Recently, a conservation introduction of Tasmanian devils to an island
previously lacking them found that their possum prey rapidly adjusted
their foraging behaviour to accommodate this newly arrived predator
(Cunningham et al. 2019). Despite possums having lived on the
island in isolation from devils since the 1950s, presumably, their long
evolutionary history together on mainland Tasmania had them primed to
respond to this predatory archetype (Sih et al. 2010a; Carthey &
Banks 2014; Cunningham et al. 2019). This shared evolutionary
history is likely responsible for both possums’ and melomys’ ability to
rapidly mount appropriate antipredator responses. The predators are
novel within an individual’s lifetime, but the individual’s ancestors
have encountered them before.
Although our results suggest that invaded melomys populations are
beginning to adjust to the presence of northern quolls, there has been
no sign of demographic recovery on the island. Data from our seed
removal experiment clearly demonstrated that the function of melomys as
seed harvesters and dispersers scales with density. Trophic cascades
resulting from the addition and loss of predators from ecosystems has
been observed in a number of systems globally (Ripple et al.2001; Terborgh et al. 2001; Estes et al. 2011), and the
results can profoundly shape entire systems. As the only rodent and the
dominant granivore in this system, while melomys populations may or may
not go extinct as a result of quoll invasion, their reduced abundance
and weakened ability to harvest and disperse seeds may have yet to be
observed, longer-term consequences for the vegetation structure and
ecosystem function of Indian Island (McConkey & O’Farrill 2016).

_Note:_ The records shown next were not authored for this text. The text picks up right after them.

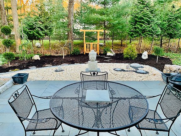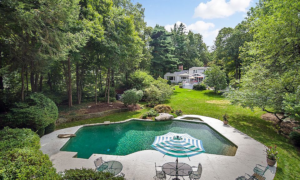 Cap Code with lovely gardens and thousands of flowers with a pool and guest cottage and a barn on 2.34 level acres walking distance to schools and Weston town center.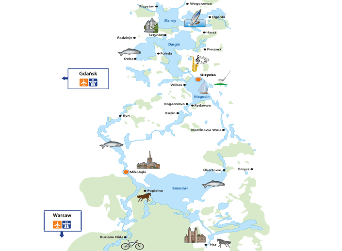 Tillægningssteder - de populære byer - især Mikolajki og Sztynort kan være travle i højsæsonen. Det er en god idé at ringe i forvejen og reservere plads, især hvis du gerne vil i ligge i nærheden af bycentrum, caféer eller forretninger eller hvor der sker noget. Marinaen i Mikolajki har forretninger, barer og restauranter.
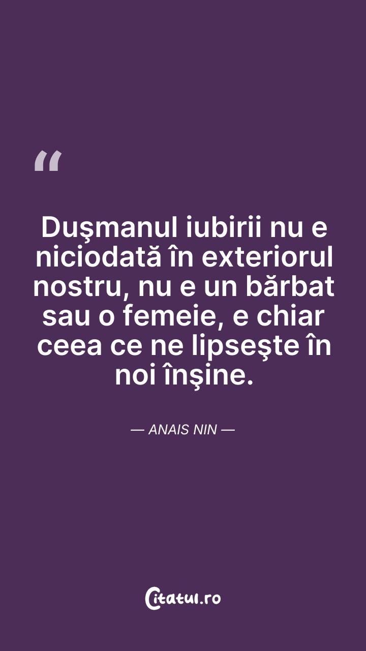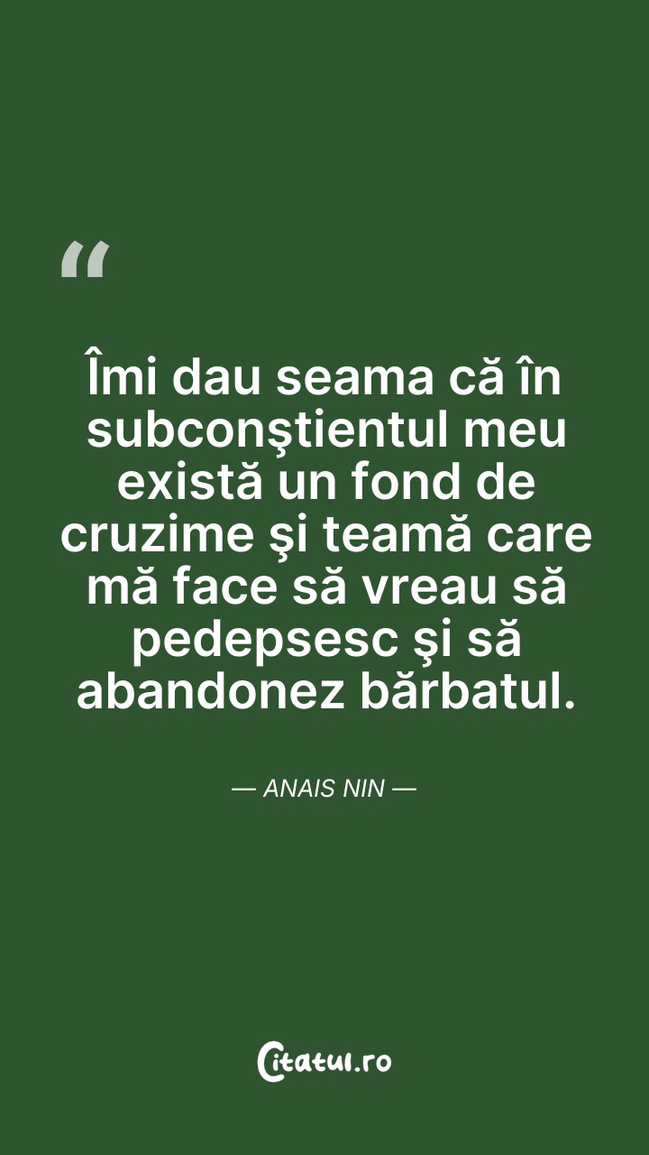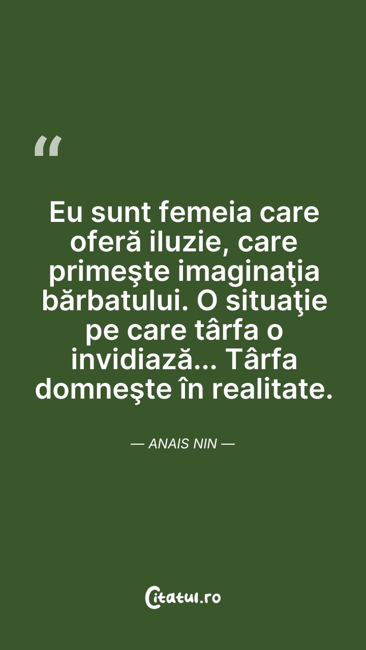 Anaïs Nin a fost o scriitoare americană de origine franceză. Este cunoscută pentru jurnalele sale intime, pe care a început să le scrie de la vârsta de 11 ani și le-a continuat, fără încetare timp de 45 de ani. Abia după moartea sa și a soțului său s-a putut publica și o variantă necenzurată a acestora.

Currently, grass is a rare vegetation feature on Indian island (though
it is a dominant feature of nearby savanna woodlands on the mainland),
and this is quite possibly a result of the high density of melomys on
this (previously) predator-free island. The presence of quolls may well
change that, as both numerical and behaviour responses of melomys
cascade down to the grass community.
Empirical research on the effects of novel predators on recipient
communities under controlled conditions on a landscape-scale is
exceptionally difficult and remains relatively rare. The introduction of
threatened predators to landscapes from which they have been lost
(Cunningham et al. 2019) or where they are entirely novel
(Lapiedra et al. 2018), however, provides a unique opportunity to
observe how naïve prey can respond to novel predators, and the
mechanisms by which predators can structure communities. Our study
provides empirical support that some impacted prey populations can
adjust rapidly to the arrival of a novel predator via a generalised
behavioural response (decreased boldness) followed by development of a
species-specific antipredator response (behavioural fine-tuning). The
arrival of the novel predator appears to have set off a trophic cascade
that was driven, not only by changed prey density, but also by changed
prey behaviour. Thus, rapid adaptive shift may allow prey populations to
persist, but large-scale, system-wide changes may still follow.